▶ **SOURCE RECORDS**:
##########

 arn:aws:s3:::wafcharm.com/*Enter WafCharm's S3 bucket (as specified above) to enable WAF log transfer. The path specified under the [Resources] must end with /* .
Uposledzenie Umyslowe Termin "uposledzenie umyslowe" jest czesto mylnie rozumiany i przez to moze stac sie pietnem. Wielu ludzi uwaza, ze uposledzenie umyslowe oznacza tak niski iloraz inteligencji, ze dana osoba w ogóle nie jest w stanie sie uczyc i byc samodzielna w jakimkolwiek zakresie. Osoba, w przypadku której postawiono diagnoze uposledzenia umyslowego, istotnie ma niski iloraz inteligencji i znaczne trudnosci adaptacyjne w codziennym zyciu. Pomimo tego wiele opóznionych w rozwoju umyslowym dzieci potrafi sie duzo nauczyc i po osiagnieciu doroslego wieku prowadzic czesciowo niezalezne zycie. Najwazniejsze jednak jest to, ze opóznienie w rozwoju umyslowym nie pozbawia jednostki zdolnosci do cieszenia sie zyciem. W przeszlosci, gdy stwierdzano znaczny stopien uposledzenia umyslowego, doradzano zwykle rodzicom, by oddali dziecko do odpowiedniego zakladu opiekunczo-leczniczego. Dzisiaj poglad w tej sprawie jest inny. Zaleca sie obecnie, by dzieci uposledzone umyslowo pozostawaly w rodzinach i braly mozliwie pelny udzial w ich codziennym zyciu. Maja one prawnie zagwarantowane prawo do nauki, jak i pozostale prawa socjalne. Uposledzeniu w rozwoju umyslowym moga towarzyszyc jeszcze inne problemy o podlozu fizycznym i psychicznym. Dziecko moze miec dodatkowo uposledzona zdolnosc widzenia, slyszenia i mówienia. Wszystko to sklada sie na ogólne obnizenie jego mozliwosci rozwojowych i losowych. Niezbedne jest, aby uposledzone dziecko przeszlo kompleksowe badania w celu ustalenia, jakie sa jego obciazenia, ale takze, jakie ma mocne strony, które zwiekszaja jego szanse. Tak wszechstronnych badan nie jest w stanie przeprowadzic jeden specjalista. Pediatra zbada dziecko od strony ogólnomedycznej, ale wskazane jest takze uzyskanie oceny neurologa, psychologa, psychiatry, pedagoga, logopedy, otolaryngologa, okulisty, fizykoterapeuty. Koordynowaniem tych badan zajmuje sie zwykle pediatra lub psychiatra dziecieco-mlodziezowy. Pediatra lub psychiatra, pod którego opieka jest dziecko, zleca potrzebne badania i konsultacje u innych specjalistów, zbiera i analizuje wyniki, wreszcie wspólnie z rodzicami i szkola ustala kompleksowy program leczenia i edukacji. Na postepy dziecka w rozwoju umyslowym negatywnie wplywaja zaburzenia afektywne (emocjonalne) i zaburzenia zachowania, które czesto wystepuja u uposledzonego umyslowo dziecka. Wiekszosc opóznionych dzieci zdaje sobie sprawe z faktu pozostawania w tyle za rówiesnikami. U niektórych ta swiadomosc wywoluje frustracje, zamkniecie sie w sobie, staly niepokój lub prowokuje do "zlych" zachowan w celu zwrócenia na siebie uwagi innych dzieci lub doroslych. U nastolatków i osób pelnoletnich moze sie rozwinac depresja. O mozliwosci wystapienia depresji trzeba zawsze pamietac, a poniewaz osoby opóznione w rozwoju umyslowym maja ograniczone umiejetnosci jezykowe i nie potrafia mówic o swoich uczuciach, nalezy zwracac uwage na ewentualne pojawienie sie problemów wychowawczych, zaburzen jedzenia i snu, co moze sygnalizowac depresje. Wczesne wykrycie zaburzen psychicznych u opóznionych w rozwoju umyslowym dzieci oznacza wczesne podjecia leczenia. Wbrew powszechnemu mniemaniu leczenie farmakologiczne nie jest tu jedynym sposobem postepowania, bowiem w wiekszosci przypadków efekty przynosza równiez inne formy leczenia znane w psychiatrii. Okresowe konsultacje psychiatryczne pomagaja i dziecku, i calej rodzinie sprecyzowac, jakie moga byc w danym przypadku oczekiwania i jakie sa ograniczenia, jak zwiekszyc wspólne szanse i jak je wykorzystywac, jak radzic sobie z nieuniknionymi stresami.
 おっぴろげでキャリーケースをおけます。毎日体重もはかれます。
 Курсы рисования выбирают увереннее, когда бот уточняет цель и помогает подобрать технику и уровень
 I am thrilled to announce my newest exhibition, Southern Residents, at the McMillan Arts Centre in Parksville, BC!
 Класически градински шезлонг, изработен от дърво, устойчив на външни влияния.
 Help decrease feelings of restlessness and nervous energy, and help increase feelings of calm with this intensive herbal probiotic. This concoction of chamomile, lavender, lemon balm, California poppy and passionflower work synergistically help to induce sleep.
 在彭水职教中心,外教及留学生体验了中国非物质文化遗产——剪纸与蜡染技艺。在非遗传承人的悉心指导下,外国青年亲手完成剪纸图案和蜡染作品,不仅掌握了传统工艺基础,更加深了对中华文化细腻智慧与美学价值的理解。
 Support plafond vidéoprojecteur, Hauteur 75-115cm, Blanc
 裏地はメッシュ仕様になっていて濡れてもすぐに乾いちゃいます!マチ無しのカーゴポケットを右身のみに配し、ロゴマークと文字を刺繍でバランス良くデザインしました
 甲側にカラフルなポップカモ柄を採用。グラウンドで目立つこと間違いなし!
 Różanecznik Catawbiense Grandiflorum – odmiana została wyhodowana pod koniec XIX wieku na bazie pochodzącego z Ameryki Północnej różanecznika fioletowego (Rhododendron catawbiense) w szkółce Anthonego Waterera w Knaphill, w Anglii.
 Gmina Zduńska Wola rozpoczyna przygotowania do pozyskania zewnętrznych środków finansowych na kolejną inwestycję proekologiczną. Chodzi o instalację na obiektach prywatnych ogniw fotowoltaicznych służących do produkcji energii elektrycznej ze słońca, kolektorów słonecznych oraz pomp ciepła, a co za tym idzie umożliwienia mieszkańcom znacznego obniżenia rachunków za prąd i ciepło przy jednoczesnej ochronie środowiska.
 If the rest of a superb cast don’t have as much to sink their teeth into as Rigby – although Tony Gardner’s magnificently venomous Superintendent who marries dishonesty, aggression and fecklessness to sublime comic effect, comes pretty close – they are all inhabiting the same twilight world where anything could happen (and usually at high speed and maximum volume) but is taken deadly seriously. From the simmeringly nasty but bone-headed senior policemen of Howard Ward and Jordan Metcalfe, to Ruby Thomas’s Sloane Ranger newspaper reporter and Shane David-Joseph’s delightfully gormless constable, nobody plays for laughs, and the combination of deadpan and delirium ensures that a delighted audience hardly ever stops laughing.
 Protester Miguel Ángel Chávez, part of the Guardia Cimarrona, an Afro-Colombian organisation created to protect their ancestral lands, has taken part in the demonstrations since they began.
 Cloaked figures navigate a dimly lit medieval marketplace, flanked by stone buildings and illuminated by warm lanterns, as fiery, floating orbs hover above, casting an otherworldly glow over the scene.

##########

▶ **WHAT IS REQUIRED**:
Which lines above run from the one containing "Gmina Zduńska Wola" to the one containing "If the rest"? Give them again exactly, both ends included.

▶ **SOLUTION FOR THIS PROBLEM**:
 Gmina Zduńska Wola rozpoczyna przygotowania do pozyskania zewnętrznych środków finansowych na kolejną inwestycję proekologiczną. Chodzi o instalację na obiektach prywatnych ogniw fotowoltaicznych służących do produkcji energii elektrycznej ze słońca, kolektorów słonecznych oraz pomp ciepła, a co za tym idzie umożliwienia mieszkańcom znacznego obniżenia rachunków za prąd i ciepło przy jednoczesnej ochronie środowiska.
 If the rest of a superb cast don’t have as much to sink their teeth into as Rigby – although Tony Gardner’s magnificently venomous Superintendent who marries dishonesty, aggression and fecklessness to sublime comic effect, comes pretty close – they are all inhabiting the same twilight world where anything could happen (and usually at high speed and maximum volume) but is taken deadly seriously. From the simmeringly nasty but bone-headed senior policemen of Howard Ward and Jordan Metcalfe, to Ruby Thomas’s Sloane Ranger newspaper reporter and Shane David-Joseph’s delightfully gormless constable, nobody plays for laughs, and the combination of deadpan and delirium ensures that a delighted audience hardly ever stops laughing.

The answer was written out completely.